Ahmadis have been systematically singled out and vilified through every sphere of Pakistani life. Laws passed by the government criminalise the public practice of Islam specifically by Ahmadis with jail sentences for ‘posing as Muslims’ or trumped up charges of blasphemy. Any Ahmadi that offers the Islamic greeting salaam to another Muslim could be put behind bars for three years.
Such State-sanctioned persecution has acted as a catalyst for others to act with impunity in discriminating against Ahmadis in public life. Ahmadis are barred from senior posts in government, higher levels of the armed forces, denied many other jobs, their businesses looted and progress in education blocked. Four million Ahmadis cannot even exercise their right to vote unless they relinquish their claim to be Muslims, something no Ahmadi would dream of doing.
Meanwhile, clerics spew hatred in sermons and through the media, demonising Ahmadis so that young Pakistanis grow up thinking that Ahmadis are ‘the enemy within’. Clerics often appear on popular TV shows to incite hatred and declare openly that Ahmadis are ‘liable to be killed’. Conferences are organised and billboard adverts displayed with the sole aim of undermining Ahmadis, all with the government’s blessing.
Groups like the Taliban and Al Qaeda are united with mainstream Muslim parties in their vociferous and violent anti-Ahmadi stance. Ministers failed to attend the funerals of Ahmadis and the media succumbed to pressure from hardliners by referring to the Ahmadi mosques as ‘places of worship’ instead.
And yet, whilst condemning the latest attacks, the State cannot see the blood on its own hands, nor its role in fostering this deadly environment in which the victimization of Ahmadis has become not only socially acceptable, but also a passport to paradise.
All this creates a fertile ground for all manner of abuse to be directed at Ahmadis, not just in Pakistan but elsewhere too, including Britain. I myself have experienced foul-mouthed tirades and threats from impressionable Muslims influenced by such clerics barking from their pulpits on these very shores.

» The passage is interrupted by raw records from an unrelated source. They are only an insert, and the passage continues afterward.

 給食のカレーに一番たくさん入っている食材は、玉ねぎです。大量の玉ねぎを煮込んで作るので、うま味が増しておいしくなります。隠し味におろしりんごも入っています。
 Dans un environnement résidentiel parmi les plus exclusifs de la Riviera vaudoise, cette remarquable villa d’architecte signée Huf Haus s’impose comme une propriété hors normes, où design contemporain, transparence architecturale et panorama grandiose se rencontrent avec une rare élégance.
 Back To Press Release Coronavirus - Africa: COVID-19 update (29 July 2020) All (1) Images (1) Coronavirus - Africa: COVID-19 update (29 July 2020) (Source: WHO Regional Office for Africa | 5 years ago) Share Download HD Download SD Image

However, the Ahmadiyya Muslim Community’s response to this trend and the latest massacre remains the same. United and steadfast under the inspiring leadership of our Khalifa, Hadhrat Mirza Masroor Ahmad, and a commitment to our code ‘Love for All, Hatred for None’, we do not seek revenge, demand any special help from the Pakistani authorities, or depend on any worldly justice, but place our full trust in God.

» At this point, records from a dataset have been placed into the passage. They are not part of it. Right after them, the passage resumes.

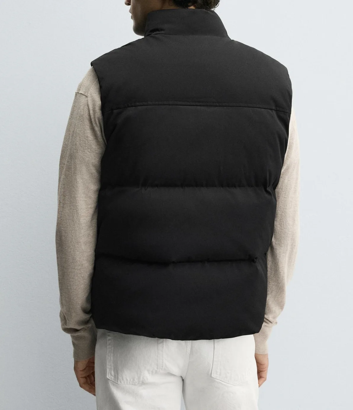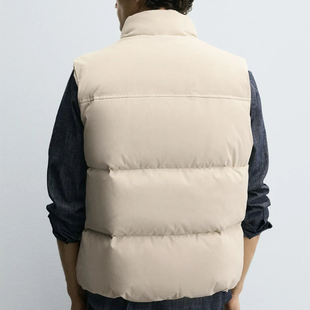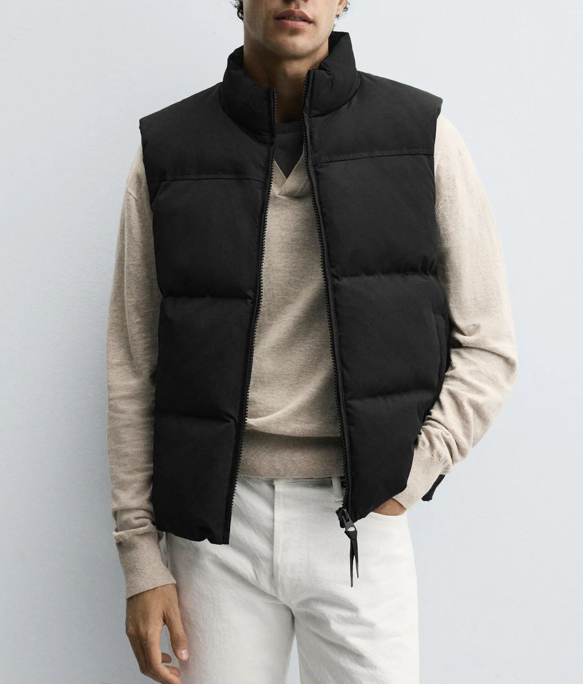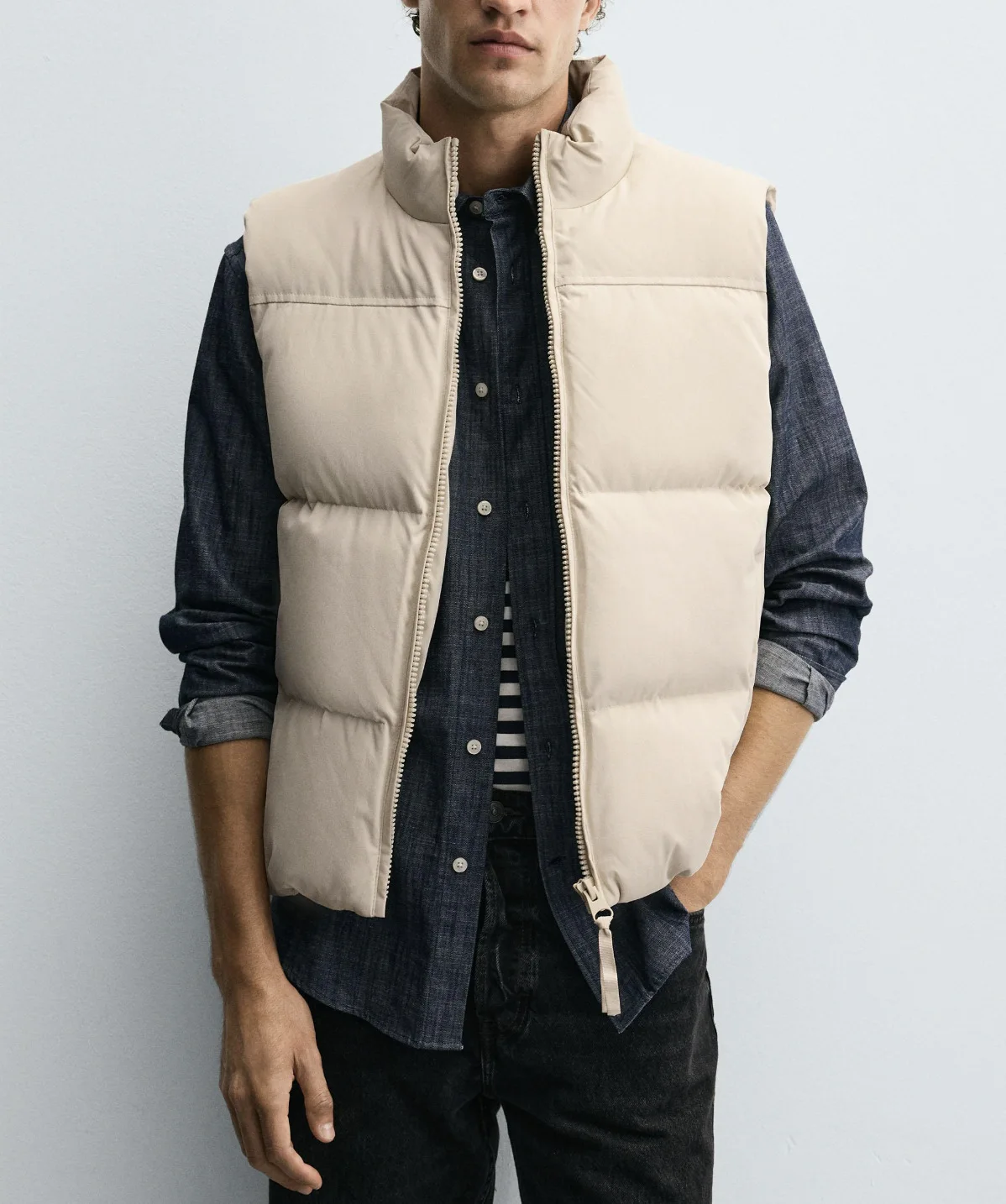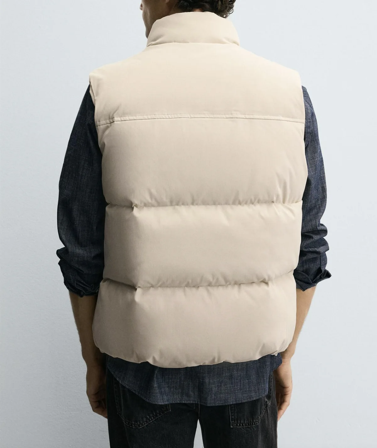 Vest. Høy krage og ermeløs, ermesøm. Paspel-lommer på hoftene. Lommedetalj på innsiden. Glidelås foran.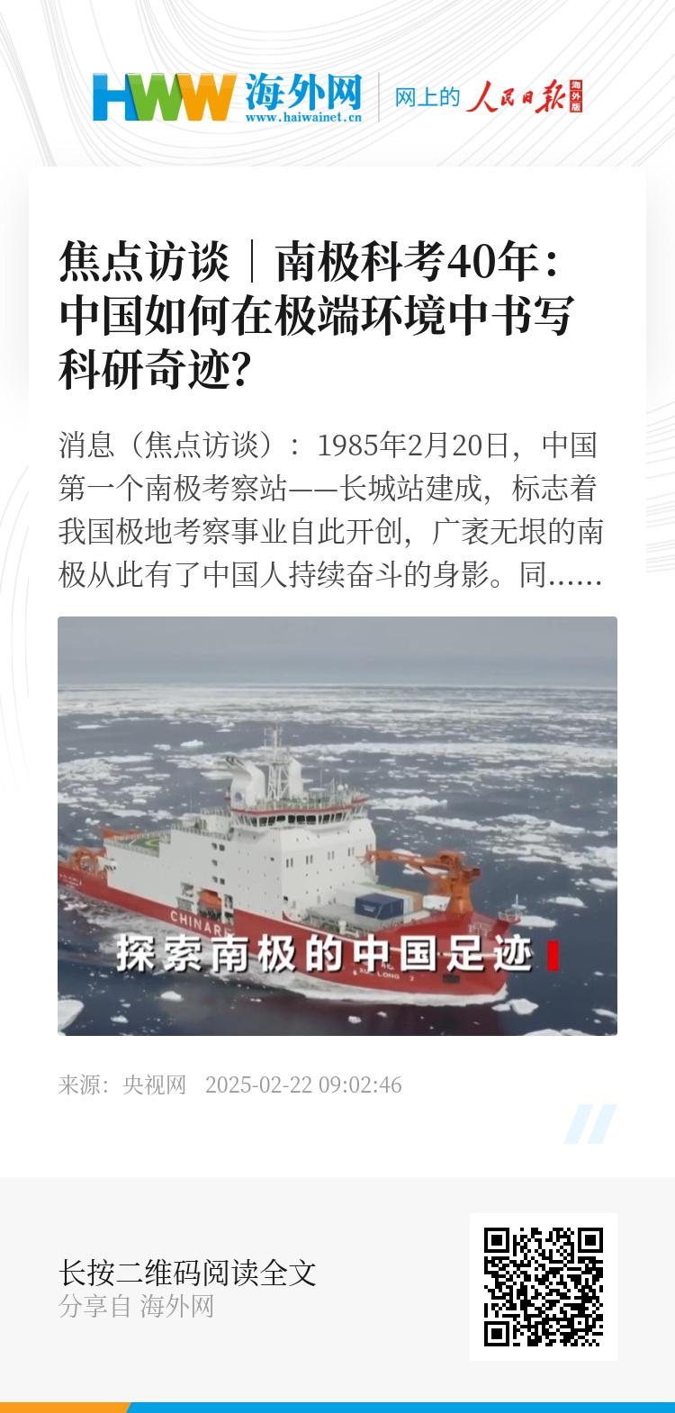 央视网消息(焦点访谈):1985年2月20日,中国第一个南极考察站——长城站建成,标志着我国极地考察事业自此开创,广袤无垠的南极从此有了中国人持续奋斗的身影。同年,中国成为《南极条约》协商国,在国际南极治理舞台上正式有了话语权。40年来,我国南极考察一路风雪兼程、筑梦冰原,取得了哪些成果?又面临着哪些挑战?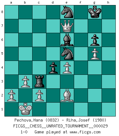 Last move : 1-0 2013 May 31 16:36:35 [Event "FICGS__CHESS__UNRATED_TOURNAMENT__000029"] [Site "FICGS"] [Date "2012.10.18"] [Round "1"] [White "Pechova,Hana"] [Black "Riha,Josef"] [Result "1-0"] [WhiteElo "0832"] [BlackElo "1980"] 1.e4 c5 2.Nf3 d6 3.d4 cxd4 4.Nxd4 Nf6 5.Nc3 a6 6.Be3 e5 7.Nb3 Be7 8.f3 Be6 9.Qd2 O-O 10.O-O-O Nbd7 11.g4 b5 12.g5 b4 13.Ne2 Ne8 14.Ng3 a5 15.Kb1 f6 16.h4 a4 17.Nc1 fxg5 18.hxg5 Rxf3 19.Nf5 a3 20.b3 Nc7 21.Be2 Rxe3 22.Nxe7+ Qxe7 23.Qxe3 d5 24.Rh4 d4 25.Qg3 Rb8 26.Rdh1 g6 27.Rxh7 Qxh7 28.Rxh7 Kxh7 29.Nd3 Rb5 30.Qe1 Kg7 31.Nxb4 Rc5 32.Qc1 Rc3 33.Qxa3 Kg8 34.Nd3 Ne8 35.Nxe5 Nxe5 36.Qe7 1-0 Sicilian : Najdorf, Byrne (English) attack Kingside Castling by player Black (move 9) Queenside Castling by player White (move 10) Player White won this chess game. Follow this game move after move (download)I believe that Chess possesses a magic that is also a help in advanced age. A rheumatic knee is forgotten during a game of Chess and other events can seem quite unimportant in comparison with a catastrophe on the chessboard. (Vlastimil Hort) Frage: Gibt es etwas was Sie mehr lieben als Autobahnen ohne Tempobegrenzungen? - Antwort: Deutsche Frauen ohne Tempobegrenzungen. (Loek van Wely) Jugadores de primera clase pierden en contra de jugadores de segunda clase porque los jugadores de segunda clase a veces juegan una partida de primer clase. (Siegbert Tarrasch) 'L'échange des dames est un coup dur pour les deux adversaires...' Un journaliste lors d'une partie du match Spassky-Fischer Children in the dark cause accidents, accidents in the dark cause children. (Unknown)

As required by our constitution, we shun “cruelty, mischief and rebellion”, and must keep ourselves “occupied in the service of God’s creatures for His sake only, and endeavour to benefit mankind to the best of our God-given abilities”.
It is for this reason the Ahmadiyya Muslim Community was established, and for which it seems fanatical forces want us destroyed. But as history has shown, for each family member we lose, God gives us so many more.
Pakistan truly stands at the precipice of an abyss. Whether it falls into the jihadist hellhole it has fomented, or steps back from the brink, will depend on how its government and people react to these atrocities. Either way, I believe the blood of my brothers martyred in the cause of faith and peace will not go in vain. The God I know would never allow that.